(REQUIREMENT) Set down all of the records below exactly, please, omitting the images.

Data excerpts
[Start of section]
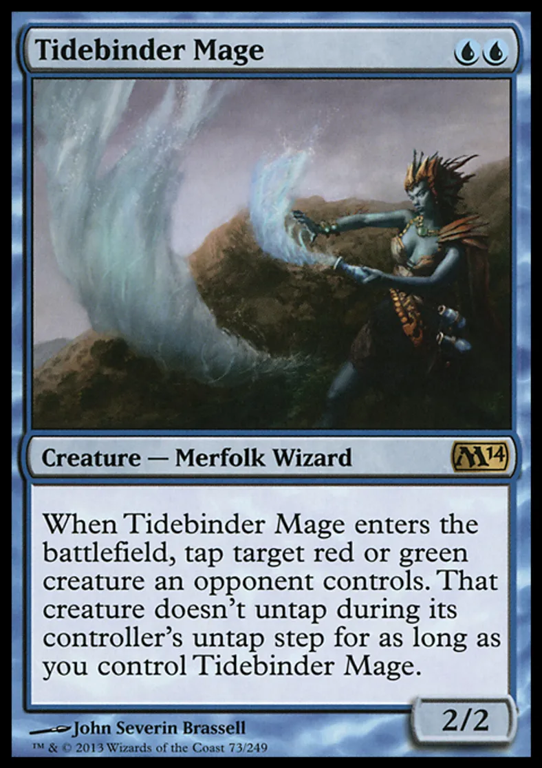 | Oracle Text | When Tidebinder Mage enters the battlefield, tap target red or green creature an opponent controls. That creature doesn't untap during its controller's untap step for as long as you control Tidebinder Mage. | ||
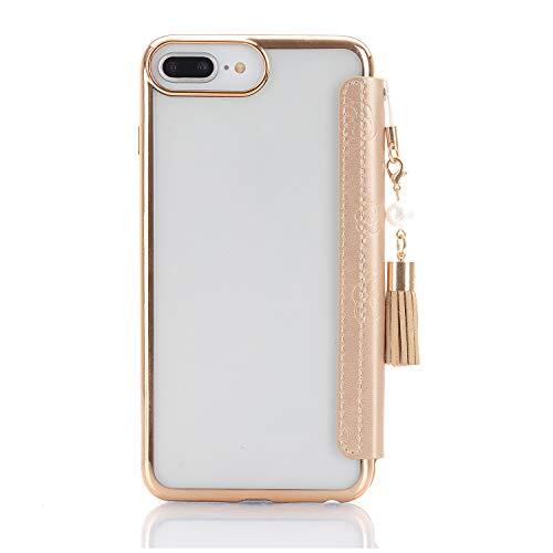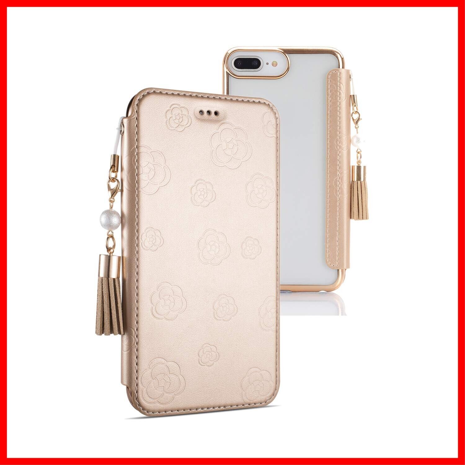 NicNik用の iPhone 8 手帳型ケース 可愛い おしゃれ 花柄 薄型 軽量 押し型のカメリア 夏 綺麗 鏡付き 携帯ケース NicNik向けの アイフォン 8 スマホケース 手帳型 クリア 透明バック PUレザー カッコいい ストラップ付 手作り カード入れ 財布型 女性 柔らかい ゴールド
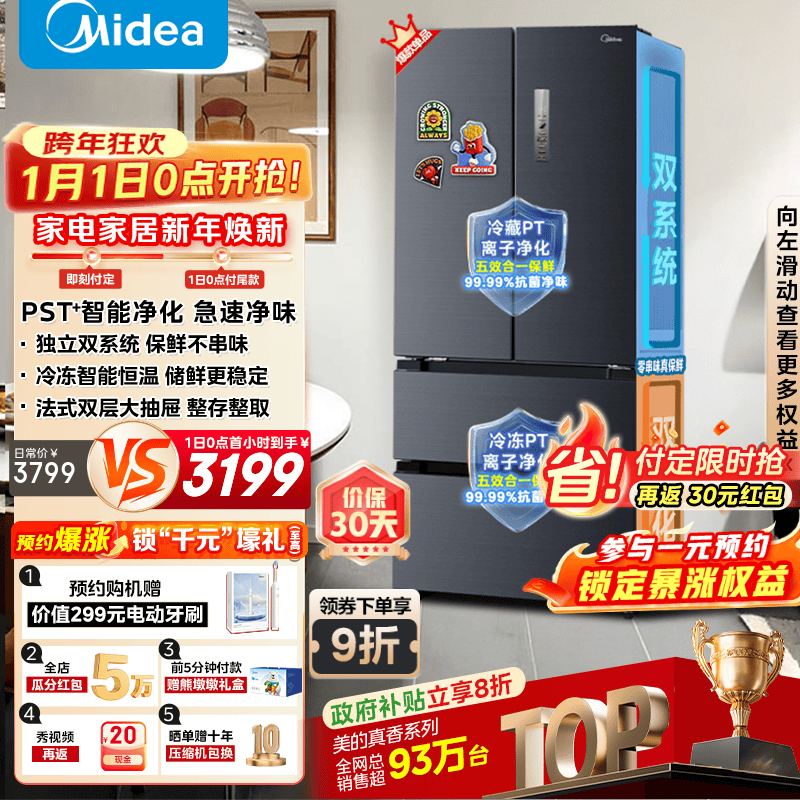 美的(Midea)508升法式多门家用电冰箱除菌净味双系统大容量冰箱家电国家补贴真香系列 BCD-508WTPZM(E) 508升双系统净味冰箱
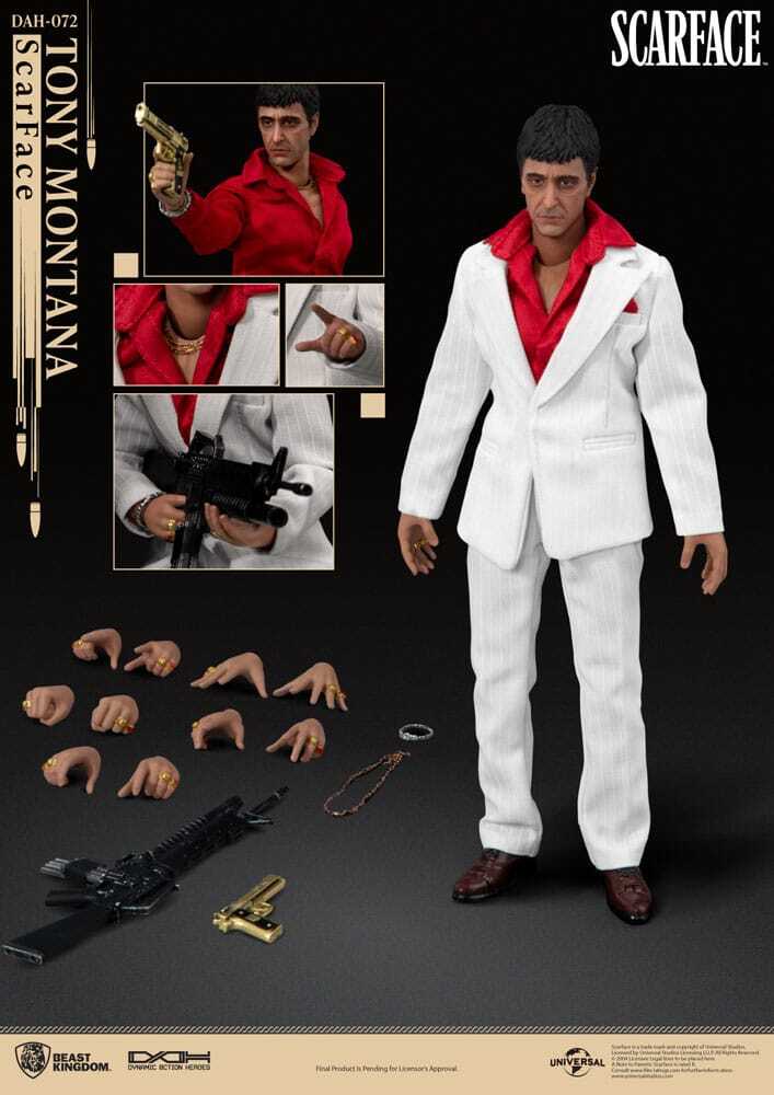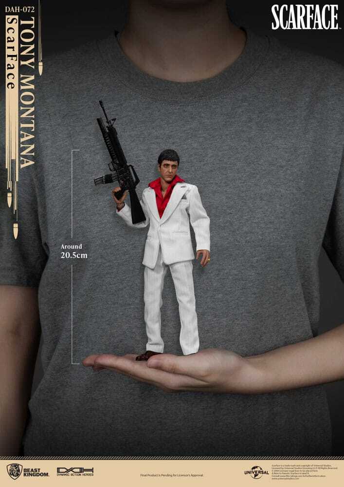Die sorgfältig geformte Figur zeigt Tony in seinem klassischen Anzug und fängt seine charakteristische Pose und seinen grimmigen Gesichtsausdruck perfekt ein. Die hochwertige Lackierung hebt jedes Detail hervor, von der Textur seiner Kleidung bis zu den lebensechten Gesichtszügen, und macht diese Figur zu einer wahren Hommage an den Kultfilmklassiker.
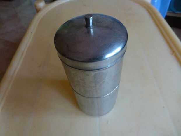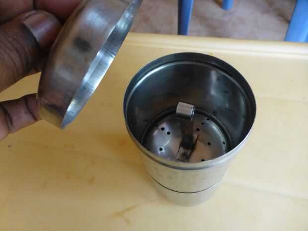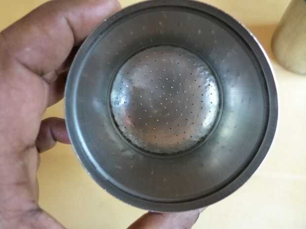 • La Copa cilíndrica superior con perforaciones muy finas en la parte inferior. Esta Copa está cargada con el polvo de café hirviendo agua para elaborar cerveza.
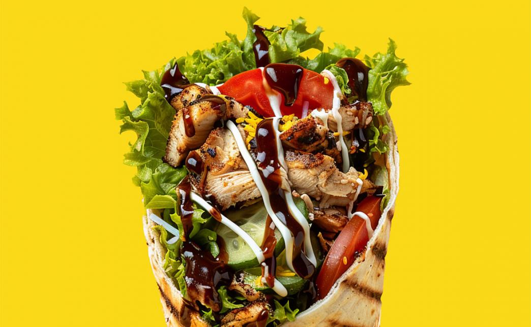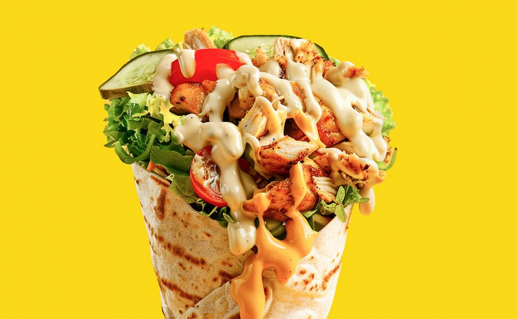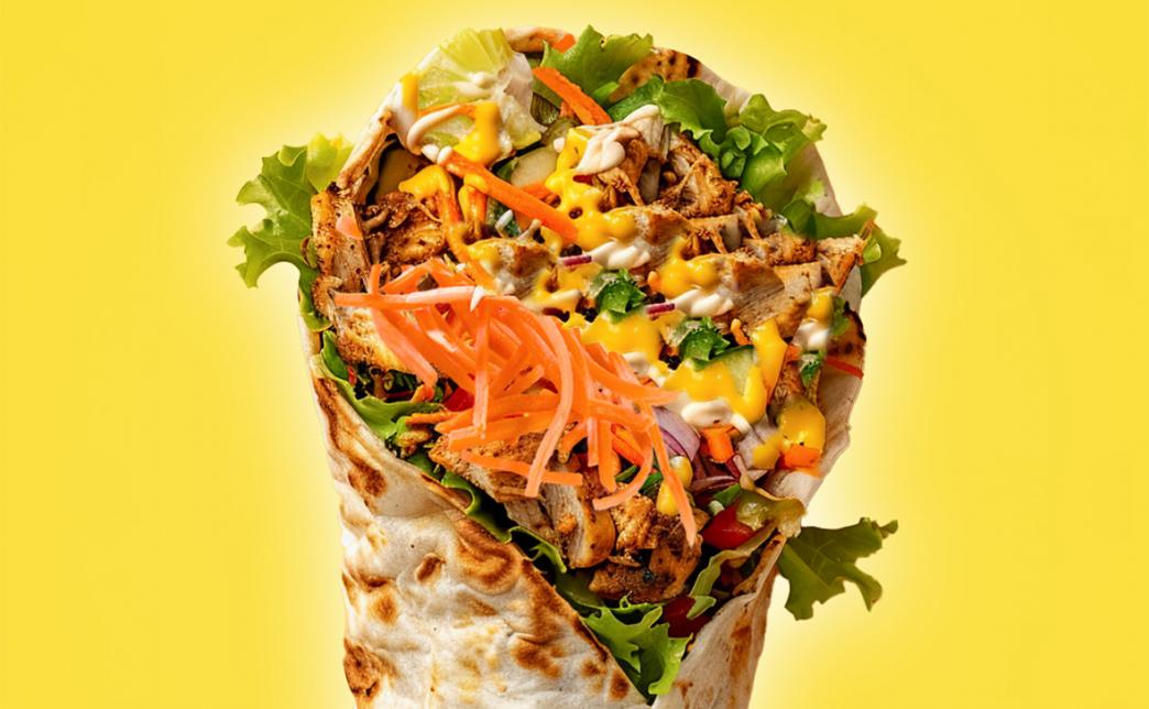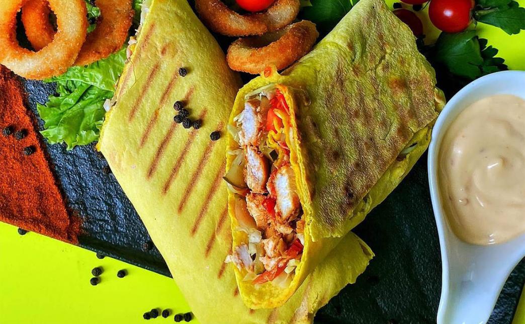 Состав: лепешка сырная, капустный салат, свежий помидор, маринованный огурец, курица, картофель фри, лук маринованный, соус чесночный, соус горчичный
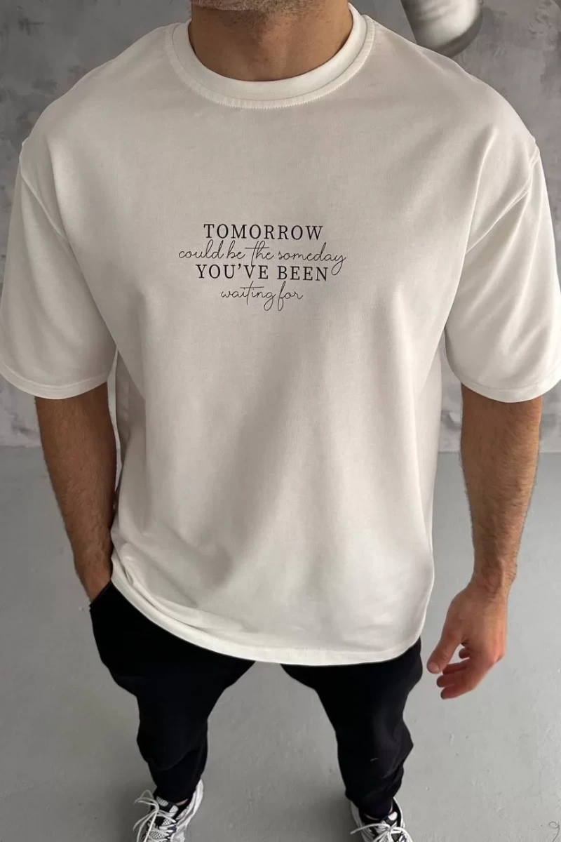 Unisex Bisiklet Yaka Baskılı Oversize T-Shirt - Beyaz
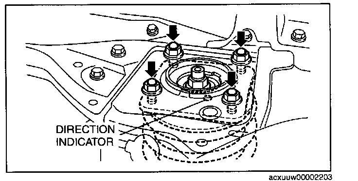 5. Push the shock absorber and coil spring component downward, and turn the direction indicator to the desired position.
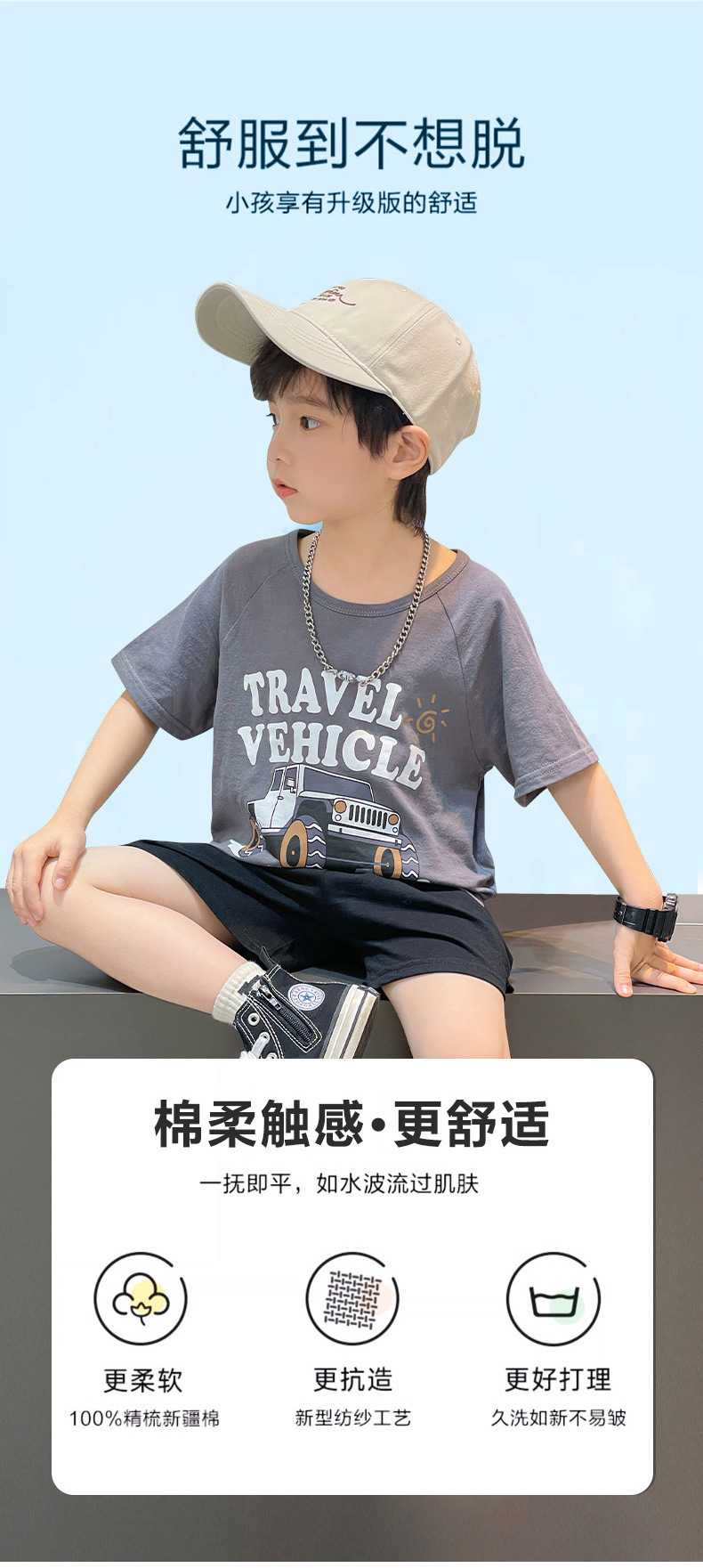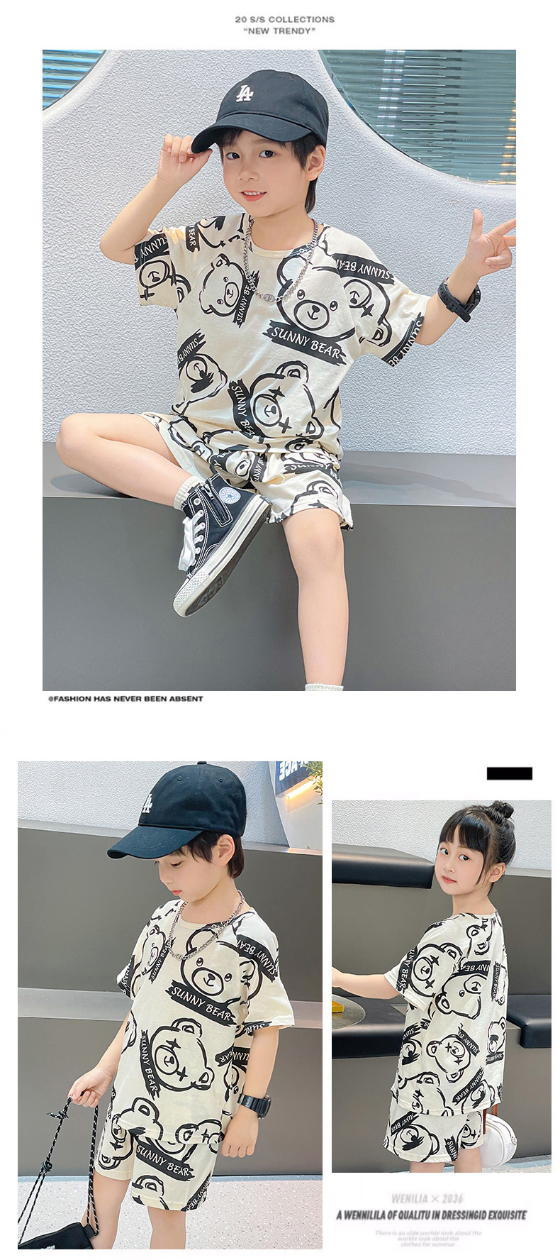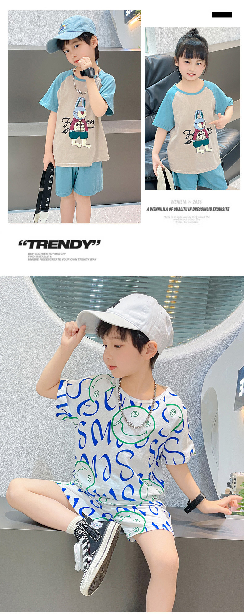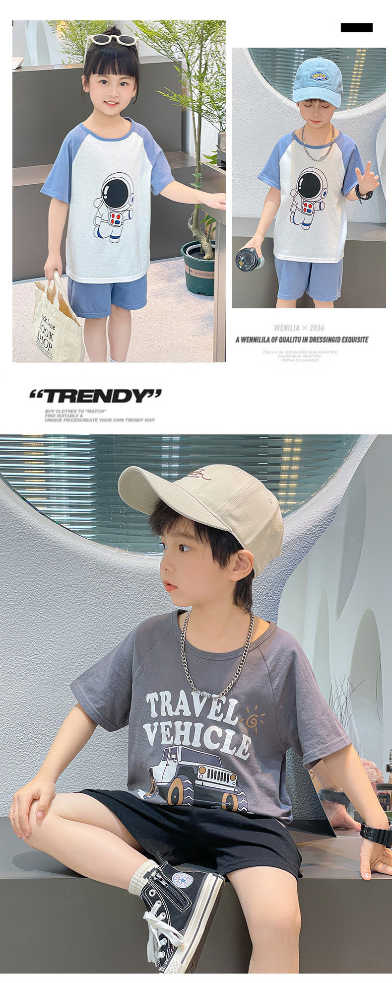 어린이 잠옷 봄 여름 순면 소년 '작고 중대형 어린이 캐주얼 반팔 스포츠 세트 여아 얇은 집 옷스토어 가기
[End of section]
(RESULT FOR THIS EXERCISE)
 | Oracle Text | When Tidebinder Mage enters the battlefield, tap target red or green creature an opponent controls. That creature doesn't untap during its controller's untap step for as long as you control Tidebinder Mage. | ||
 NicNik用の iPhone 8 手帳型ケース 可愛い おしゃれ 花柄 薄型 軽量 押し型のカメリア 夏 綺麗 鏡付き 携帯ケース NicNik向けの アイフォン 8 スマホケース 手帳型 クリア 透明バック PUレザー カッコいい ストラップ付 手作り カード入れ 財布型 女性 柔らかい ゴールド
 美的(Midea)508升法式多门家用电冰箱除菌净味双系统大容量冰箱家电国家补贴真香系列 BCD-508WTPZM(E) 508升双系统净味冰箱
Die sorgfältig geformte Figur zeigt Tony in seinem klassischen Anzug und fängt seine charakteristische Pose und seinen grimmigen Gesichtsausdruck perfekt ein. Die hochwertige Lackierung hebt jedes Detail hervor, von der Textur seiner Kleidung bis zu den lebensechten Gesichtszügen, und macht diese Figur zu einer wahren Hommage an den Kultfilmklassiker.
 • La Copa cilíndrica superior con perforaciones muy finas en la parte inferior. Esta Copa está cargada con el polvo de café hirviendo agua para elaborar cerveza.
 Состав: лепешка сырная, капустный салат, свежий помидор, маринованный огурец, курица, картофель фри, лук маринованный, соус чесночный, соус горчичный
 Unisex Bisiklet Yaka Baskılı Oversize T-Shirt - Beyaz
 5. Push the shock absorber and coil spring component downward, and turn the direction indicator to the desired position.
 어린이 잠옷 봄 여름 순면 소년 '작고 중대형 어린이 캐주얼 반팔 스포츠 세트 여아 얇은 집 옷스토어 가기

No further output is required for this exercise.